I agree with Humble, Look for him, at least you will know...be prepared though, someone that great, has probably been swooped up...
Yeah, she sounds sincere, like she really loved this guy. The only reference she made to her age or how much time has passed was, "after all these years."
But OP, even it has been a decade or two, he could easily be divorced by now. The odds are probably in your favor!
Of course I am his biggest stalker. The thing is, he is practically untraceable. I have moved miles away and have no contact. He doesn't even appear on the pages of his old classmates. Last news I heard about him was that he was about to get married but it didn't push through. That was years ago. I so hope he hasn't married yet.
Of course I am his biggest stalker. The thing is, he is practically untraceable. I have moved miles away and have no contact. He doesn't even appear on the pages of his old classmates.
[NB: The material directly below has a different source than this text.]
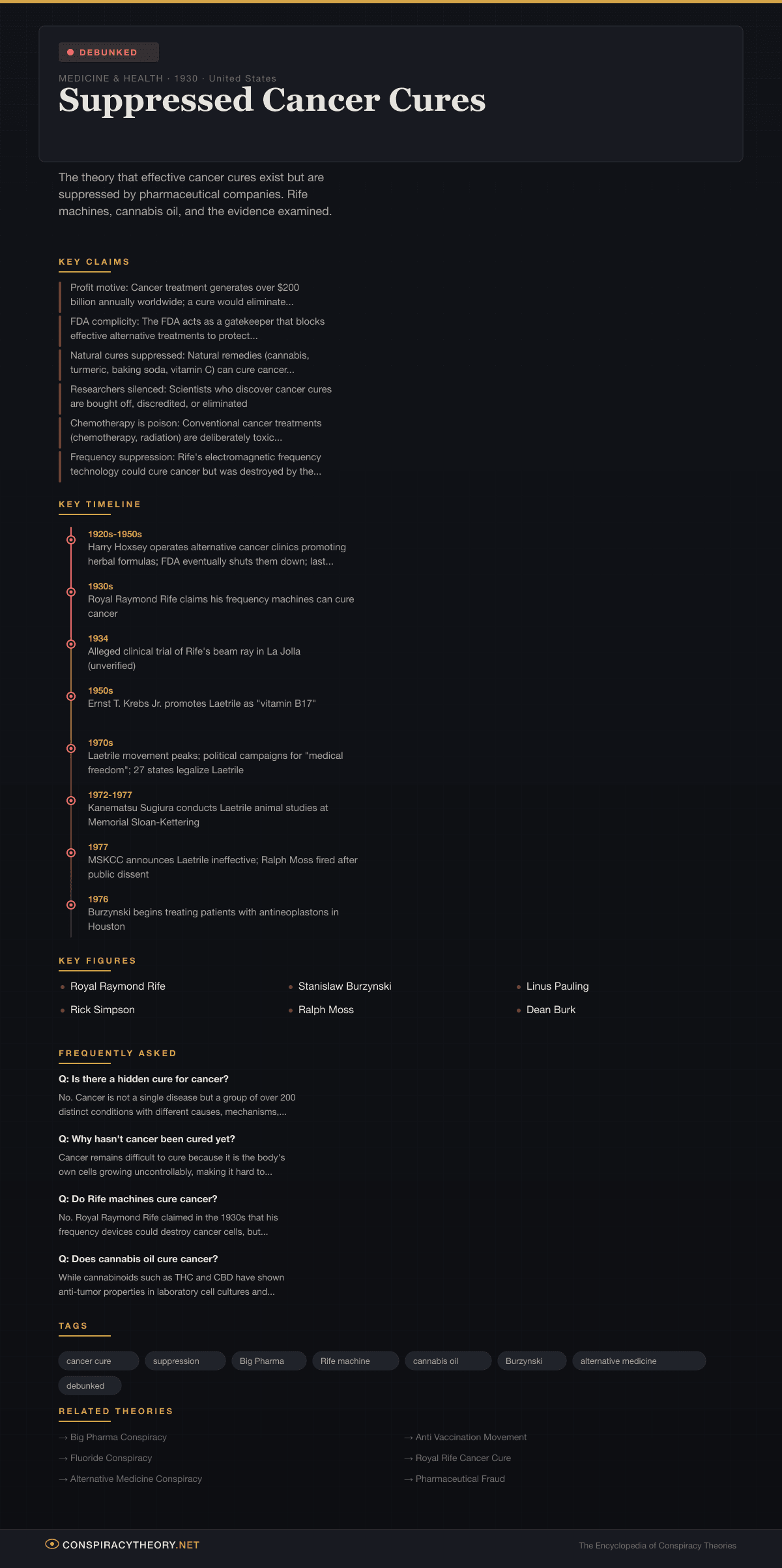 The suppressed cancer cure conspiracy theory claims that effective treatments for cancer have been discovered but are deliberately hidden from the public by pharmaceutical companies, medical establishments, and government agencies because cancer treatment is more profitable than a cure. The theory encompasses dozens of alleged suppressed remedies — from Royal Raymond Rife’s frequency machines in the 1930s to cannabis oil, Laetrile, high-dose vitamin C, and Stanislaw Burzynski’s antineoplastons.

Last news I heard about him was that he was about to get married but it didn't push through. That was years ago. I so hope he hasn't married yet.
I honestly think you could find DB Cooper these days if you were determined enough.
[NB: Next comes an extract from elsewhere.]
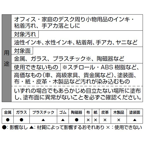 | 手アカ、粘着・インキ汚れを落とします。 | |||

The past is a nice place to visit, but stay there too long and you'll go insane.
Stay there long enough and the past changes places with the present. I think sometimes these things work out and sometimes they don't. Unfortunately, you won't know until you risk it.
Stay there long enough and the past changes places with the present. I think sometimes these things work out and sometimes they don't. Unfortunately, you won't know until you risk it.
Have to disagree with you - I don't believe the past can ever catch up to nor replace the present, just as the present can never predict the future.
Change is constant.
That being said, I agree that it could work out but it will NEVER be quite the same again. Once that moment is gone it's gone forever.
Hence, "living in the moment", carpe diem and all those other old saws.
Of course I am his biggest stalker. The thing is, he is practically untraceable. I have moved miles away and have no contact. He doesn't even appear on the pages of his old classmates. Last news I heard about him was that he was about to get married but it didn't push through. That was years ago. I so hope he hasn't married yet.
He's not on Facebook? Hire a private investigator. He'll either be thrilled that you went to such lengths to find him and you'll share a passionate kiss in the rain like "The Notebook," or he'll take out an order of protection. Either way, you will have closure.